Most RAG tutorials end where the real problems begin. You load some docs, embed them, retrieve top-k, stuff them into a prompt, and ship. The demo works. The production system, three months later, is generating subtly wrong answers and nobody can tell you why.
Chunking is the foundation
Bad chunks produce bad answers. There is no model good enough to compensate for retrieval that grabs the wrong context.
What works: chunk by semantic unit (a section, a function, a step), not by character count. Preserve enough structure that a chunk is interpretable in isolation. Include the heading the chunk lives under. Include the document title.
A chunk that says "Press the red button twice" is useless. The same chunk with "From: Pipeline Restart Procedure / Step 3" attached is actionable.
Retrieval quality vs generation quality
These are different problems. You debug them differently.
If the retrieval is wrong, no model will save you. If the retrieval is right but the answer is wrong, you have a prompt problem or a model problem.
Always measure them separately. Recall at k for retrieval. Faithfulness for generation. If you only measure end-to-end correctness, you can't fix the right thing.
Hybrid search
Pure vector search loses to hybrid (vector plus BM25 plus rerank) for almost every enterprise use case I've shipped. Vector catches semantic similarity. BM25 catches exact terms (product codes, error IDs, names). The reranker resolves ties.

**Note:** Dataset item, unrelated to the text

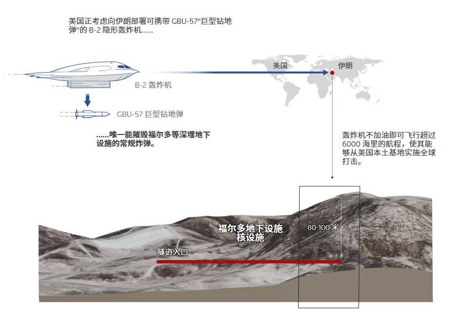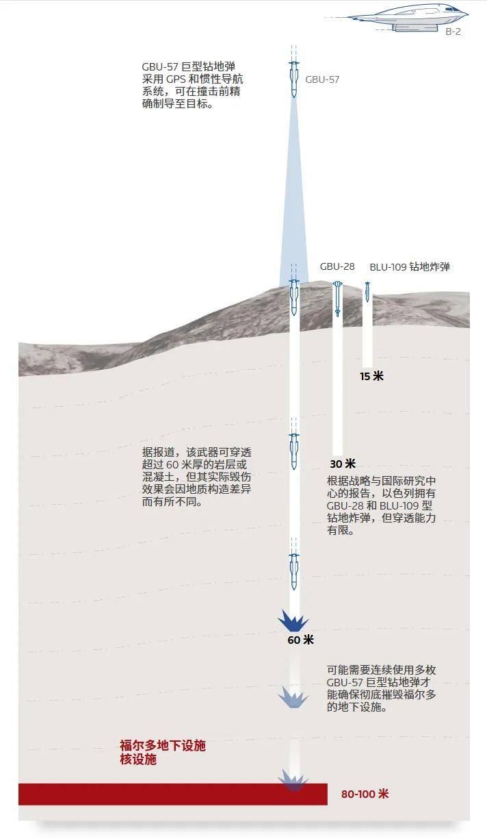 就这个侵彻能力来打福尔多核设施,谁都不能说完全保险。毕竟,一枚航空弹药只能炸开核设施顶部,更不用说GBU-57/B是一种需要临空投掷的航空弹药,其投掷距离从它的气动力学设计上来看,可能最多也就几十千米。

The downside is more moving parts. The upside is you stop seeing answers that say "I don't know" when the document literally has the exact phrase the user typed.
The eval pipeline you need
Build it before you need it. The eval pipeline runs every time a prompt changes, a model changes, or a chunking strategy changes. It compares output against a golden set you curate by hand.
If your eval set is small (50 examples), that's fine. Small evals you actually run are infinitely better than large evals you never get around to running. Grow it as failure modes appear.
Hard lessons
Most RAG quality problems are retrieval problems. Most retrieval problems are chunking problems. Most chunking problems are people not wanting to read their own documents.
Read the documents. Look at the chunks. Verify the retrieval. Then look at the generation.